Jean-Baptiste Gaultier de la Vérendrye (September 3, 1713 – June 6, 1736) was the eldest son of Pierre Gaultier de Varennes et de La Vérendrye and Marie-Anne Dandonneau Du Sablé. He was born on Île Dupas near Sorel, New France

Jean Baptiste, with three brothers, Pierre Gaultier de La Vérendrye, François de La Vérendrye, and Louis-Joseph Gaultier de La Vérendrye, served in the expedition his father led west in 1731. When they arrived at Fort Kaministiquia some of the engagés (indentured employees), exhausted by the long journey by canoe from Montreal and discouraged by the difficult portages facing them, refused to go on. His  father's second in command, Christopher Dufrost de La Jemeraye and Jean Baptiste led a smaller advance party west to Rainy Lake and established a fort they named Fort St. Pierre (after the parish church where Jean Baptiste was baptised).
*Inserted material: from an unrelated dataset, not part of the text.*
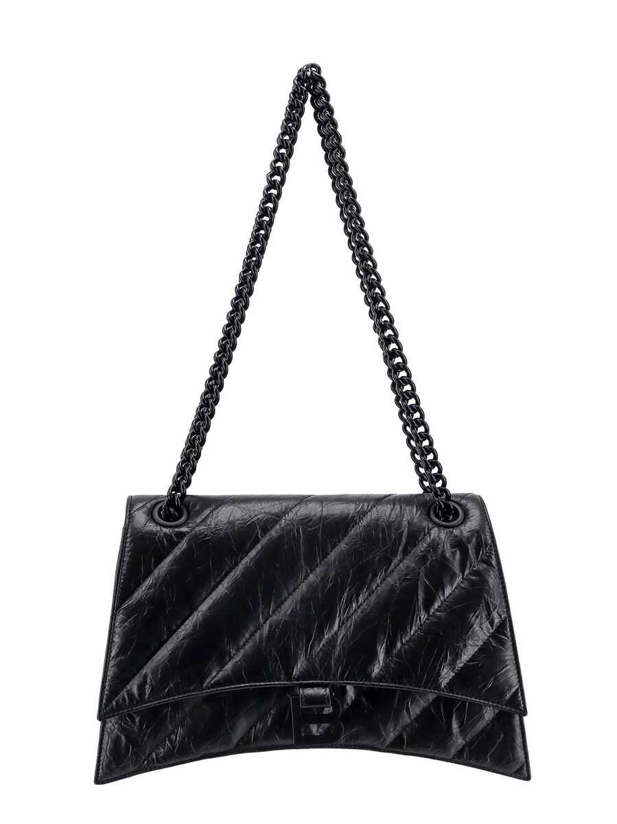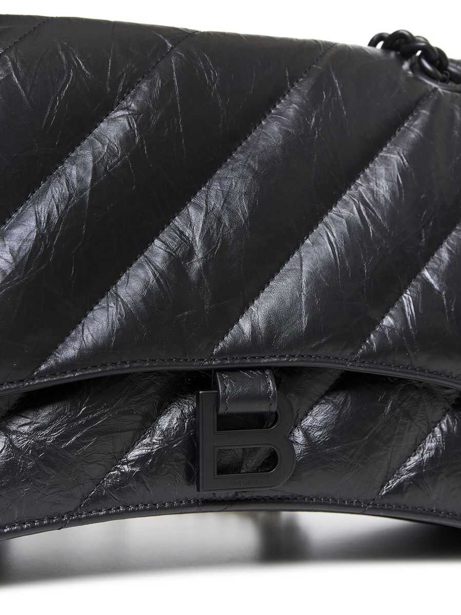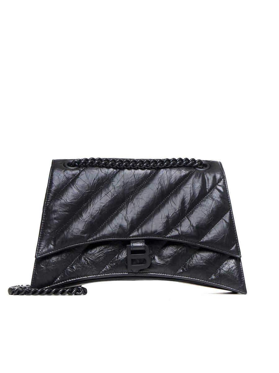 Balenciaga’s Crush Chain medium bag in supple black wrinkled effect leather featuring quilted diagonal striped motif, signature rounded silhouette, sliding chain shoulder strap, B logo plaque on the lapel, concealed magnetic fastening, internal zip pocket and silver-tone and black enameled metal hardware.

The following year Jean Baptiste was instrumental in founding Fort St. Charles on Lake of the Woods and in 1734 he established Fort Maurepas on the Red River.

On June 6, 1736, Sioux Indians ambushed a party led by Jean Baptiste soon after they left Fort St. Charles on Lake of the Woods. They were headed for Fort Kaministiquia to fetch provisions. Jean Baptiste, Father Jean-Pierre Aulneau and 19 other men were massacred. Their bodies were later transported to Fort Saint-Charles and buried in the chapel.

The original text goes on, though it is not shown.